Learning from the Children’s Hearing System

What can youth proceedings in England and Wales learn from the Scottish Children’s Hearings System? In our latest guest blog, staff from the Centre for Justice Innovation, a UK justice research and development charity, reflect on a recent study visit facilitated by CYCJ.

In England and Wales, as in much of the Western world, the youth justice system has become dramatically smaller in recent years. While this trend is positive, it poses a challenge to current and future youth court practice: there are fewer young people coming to court, but the cases that remain seem to involve young people with a greater concentration of vulnerabilities and complex needs.

The drop in volume offers an opportunity to re-think how youth proceedings in England and Wales might adjust to respond more effectively to the changing needs of system-involved young people. The soon-to-report review of the English and Welsh youth justice system led by Charlie Taylor is expected to include recommended changes to youth proceedings in response to this challenge.

Children and young people who offend are often the same children and young people who require care and protection. The response to children who are offending should seek to tackle the needs contributing to that offending. The Kilbrandon Report (about which we heard a lot!) has firmly embedded this simple observation in Scotland. To learn more about how the Children’s Hearings System that resulted from the report might inform change in England and Wales, the Centre for Justice Innovation enthusiastically took up an invitation from CYCJ to visit. We observed hearings and met with leadership at many of the involved statutory agencies and voluntary sector partners. It was a fascinating and eye-opening few days.

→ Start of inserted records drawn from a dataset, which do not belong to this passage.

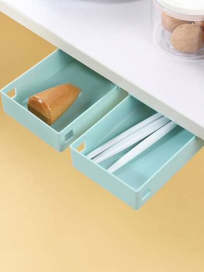1pc Self-Adhesive Under Desk Drawer - Blue - View 1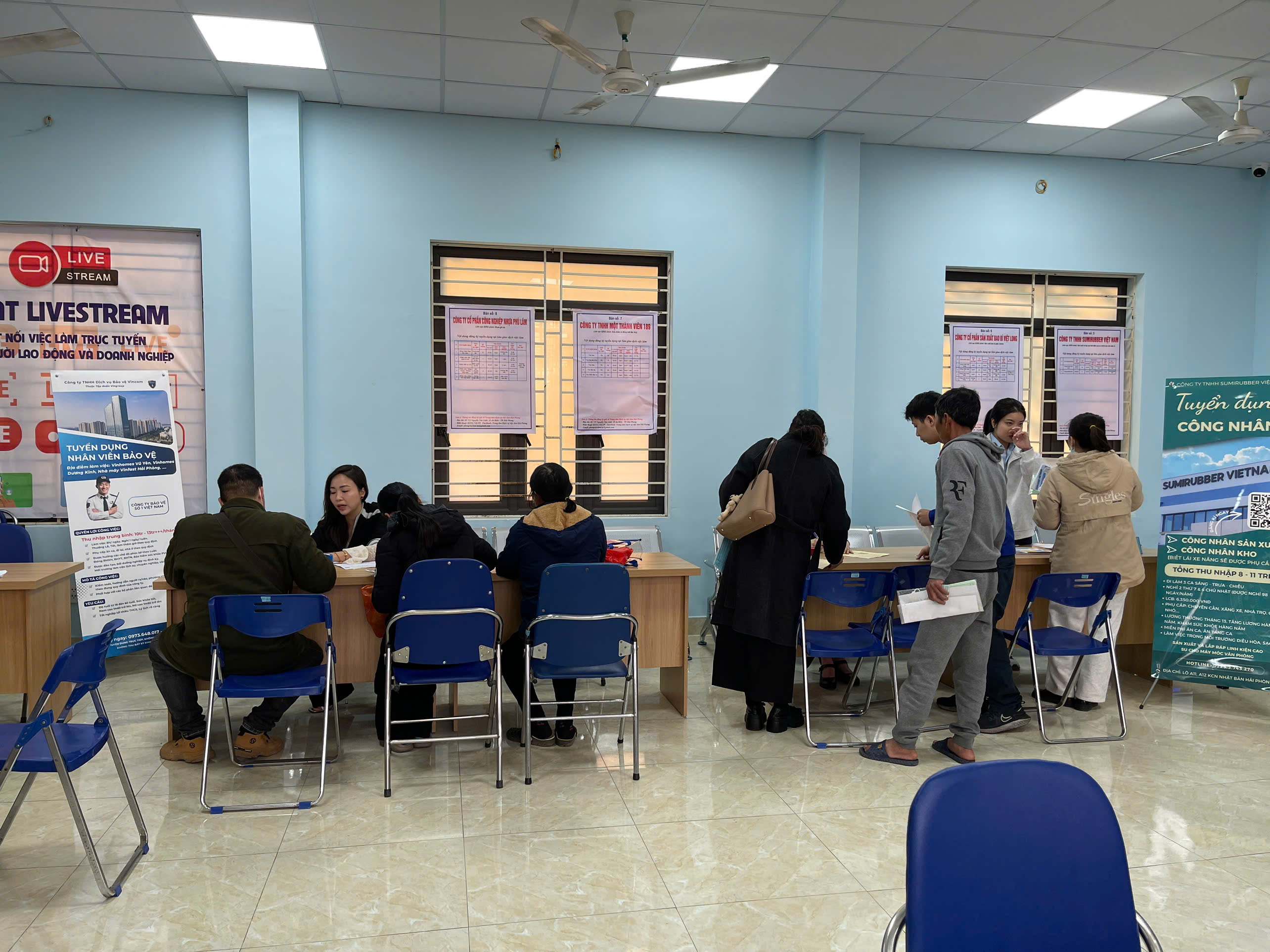 Sáng ngày 19/01/2026, thực hiện chỉ đạo của Sở Nội vụ thành phố Hải Phòng, Trung tâm Dịch vụ việc làm Hải Phòng đã tổ chức Phiên giao dịch việc làm định kỳ với sự tham gia của 10 doanh nghiệp có nhu cầu tuyển dụng lao động trên địa bàn thành phố và một số khu vực lân cận. Phiên giao dịch được triển khai đồng thời theo hai hình thức: tổ chức trực tiếp tại Trung tâm và livestream trên nền tảng Facebook, qua đó mở rộng khả năng tiếp cận thông tin việc làm cho người lao động.
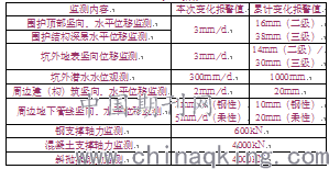 根据本工程业主单位的要求、周围环境、基坑本身的特点及相关工程的经验,按照安全、经济、合理的原则,测点布置主要选择在2倍基坑开挖深度范围内布点,主要监测项目为周边环境监测和围护结构监测。周边环境监测包括:周边地下管线竖向位移、水平位移监测、周边建(构)筑物竖向、水平位移监测、坑外地表竖向位移监测。围护结构监测主要内容为围护顶部竖向、水平位移监测、围护结构深层水平位移监测、支撑轴力监测、坑外潜水水位观测。同时,根据相关文件要求,各监测数值报警指标如下表所示:
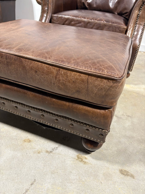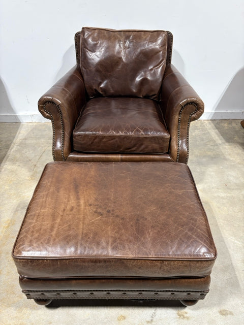 Bernhardt Dark Brown Leather Chair With Nailheads And Ottoman

It’s clear to us that there is much to be learned both from how the system operates and from the ethos that makes it possible. While the manner in which the system operates is fundamentally different from youth court in England and Wales — non-adversarial, welfare-based, and driven by the child’s need for support — we believe that there are several aspects that could inform practice in England and Wales. A few of our reflections are outlined below.

Engagement. From what we saw and heard, the hearings system does a laudable job ensuring that the young people involved have their voice included and understand proceedings (including through pre-hearing meetings specifically to discuss how to ensure the child is heard, and through specially designed paperwork for advance submission where it is felt that this may assist). While engagement is a key tenet of youth court in England and Wales, we believe it could benefit from enhanced engagement in practice.

Participation, not just presence. Panels clearly move beyond simply requiring attendance to actively involve participants in the process. We saw this in practice in the hearings we observed: the chair carefully introduced everyone present and explained their role; the hearings discussed the child’s circumstances fully, with the child, parents/guardians, social worker, and others; decisions were reached in open session, with panel members explaining their reasoning. Participants were individually asked for their views throughout the session. It was clear that hearings are explicitly intended to be a process of two-way communication.

Language. The hearings system takes great care with the language it uses – ensuring that it is both intelligible, and not legalistic. This use of language underpins the system’s ethos: system-specific terminology is deliberately set apart from court language. Careful use of language contributes to a supportive atmosphere that encourages contributions from children and families.

Environment. Engagement is also facilitated by the environment in which hearings take place. The layout of the room is generally informal, with participants sitting around a table at the same level. The configuration is meant to remove barriers to participation, particularly for children and young people. The new pilot hearings room we saw in Glasgow was especially impressive – designed in response to feedback from hearings-experienced children and young people who were asked how the setting might improve their participation and engagement.

Inquisitorial approach. While several people we spoke with voiced concerns that hearings are becoming more adversarial, litigious, or otherwise court-like, the hearings we saw were conducted markedly differently from our observations of youth court in England and Wales. The system allows for a full inquiry into the circumstances of young people that youth court simply does not. It is clear to us that a better understanding of children and young peoples’ circumstances is more likely to lead to their needs being met.

All of the elements above can be viewed through the lens of procedural fairness – the idea that the process by which decisions are made needs to feel fair to participants, and that these perceptions have a significant effect on future behaviour. We believe that procedural fairness is an important contributor to the success of justice system processes. Our visit made it clear to us that the children’s hearings system is significantly ahead of youth court practice in England and Wales on a number of these dimensions. At the same time, enhancing many of these elements seems possible within our current legal framework. Significantly more challenging is developing the supportive ethos, a half-century in the making post-Kilbrandon, that has allowed the hearings system to flourish in Scotland.